Abstract

The present study investigated the role of sensory feedback (auditory, proprioception, and tactile) at the intra- and inter-gestural levels of speech motor coordination in normal and fast speech rate conditions in two groups: (1) persons who stutter (PWS) and (2) those who do not (PNS). Feedback perturbations were carried out with the use of masking noise (auditory), tendon vibration (proprioception), and nonwords that differed in the amount of required tactile lip contact (/api/ + tactile and /awi/ − tactile). Comparisons were also made between jaw-free and jaw-immobilized (with a bite-block) task conditions. It was hypothesized that if PWS depend more strongly on sensory feedback control during speech production, they would show an increase in variability of movement coordination in the combined presence of fast speech rates and feedback perturbations, in particular, when jaw motions are blocked and adaptations in the other articulators are required to achieve the task goals.
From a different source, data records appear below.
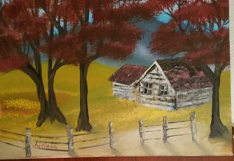 This is the same painting I uploaded before. I just put some leaves on the trees. I think it helped to cover up that one long, ugly limb, and the leaves match the little house. I think Little Red Riding Hood's grandmother lives there.
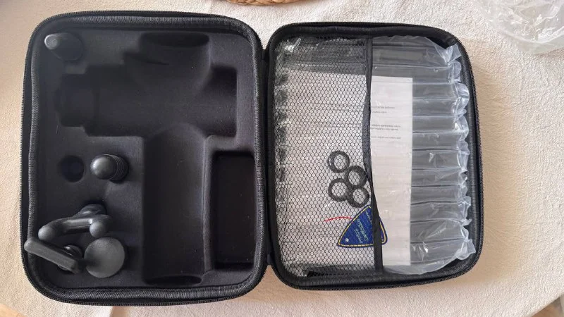 Перкуссионный массажер, в хорошем состоянии, с разными видами насадок и кейсом, 10€
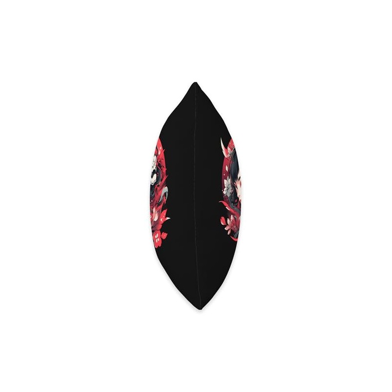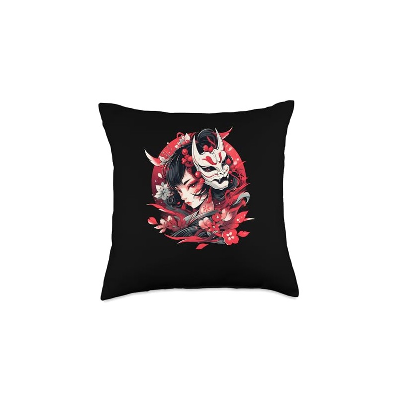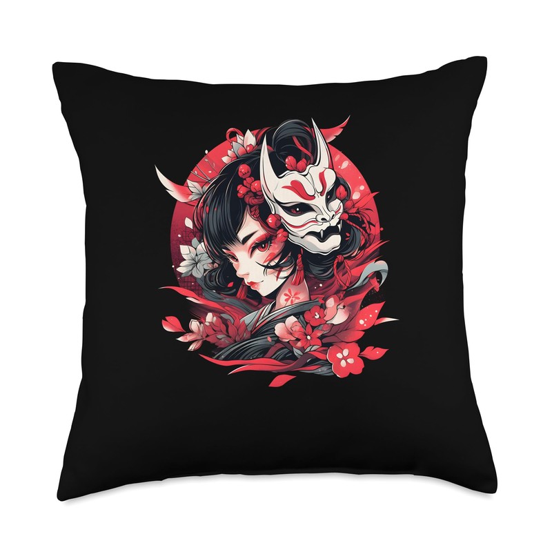 Japanese Anime Mask Floral Culture Illustration Throw Pillow
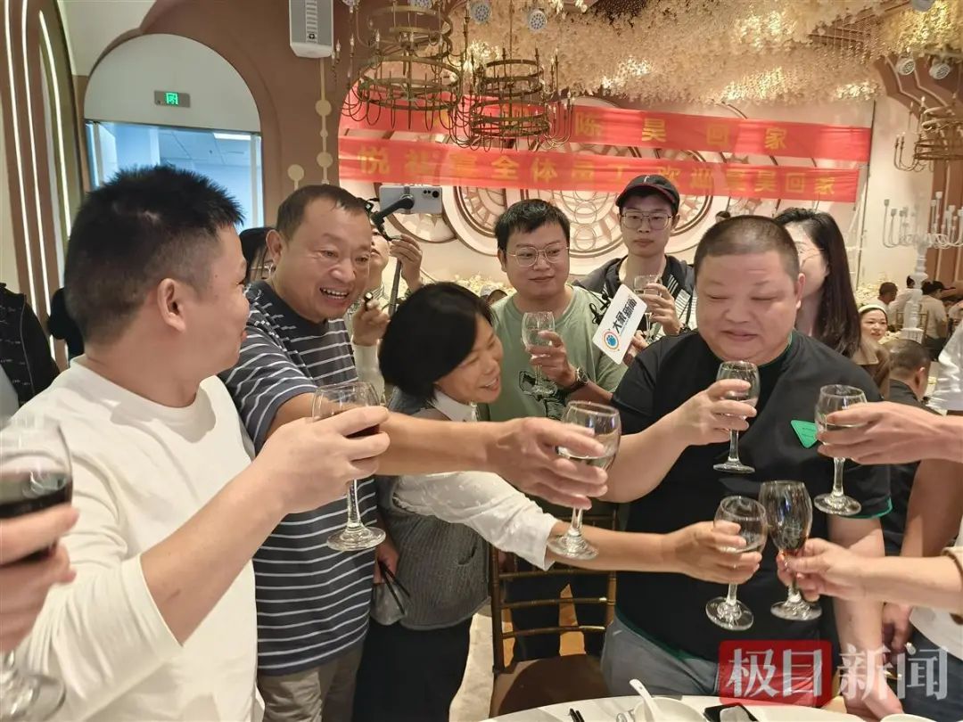 吴学先和丈夫也难掩心中的喜悦,他们逐桌敬酒。丈夫说道:“这比我中了五百万还高兴!”吴学先说,儿子回来了,她身体上的毛病都不算什么了,儿子回家就是最好的良药。
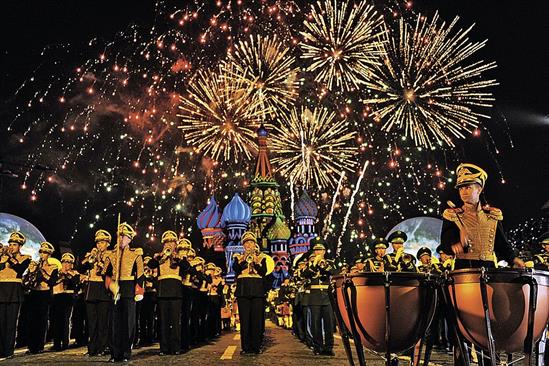 Các đêm trình diễn trong Liên hoan quân nhạc quốc tế  "Tháp Spasska" luôn rực rỡ với các show laser và các màn pháo hoa.

Significant feedback perturbation effects were found for both groups, but the only significant between-group effect was found at fast speech rates in the jaw-free condition, showing that control speakers were more perturbed at the intra-gestural level of coordination than PWS when simultaneous (auditory, proprioceptive, and tactile) perturbations were present. The findings do not provide support for either the feedback dependency or the sensory deficit hypotheses described in the literature to explain movement characteristics found in fluent speech production of PWS.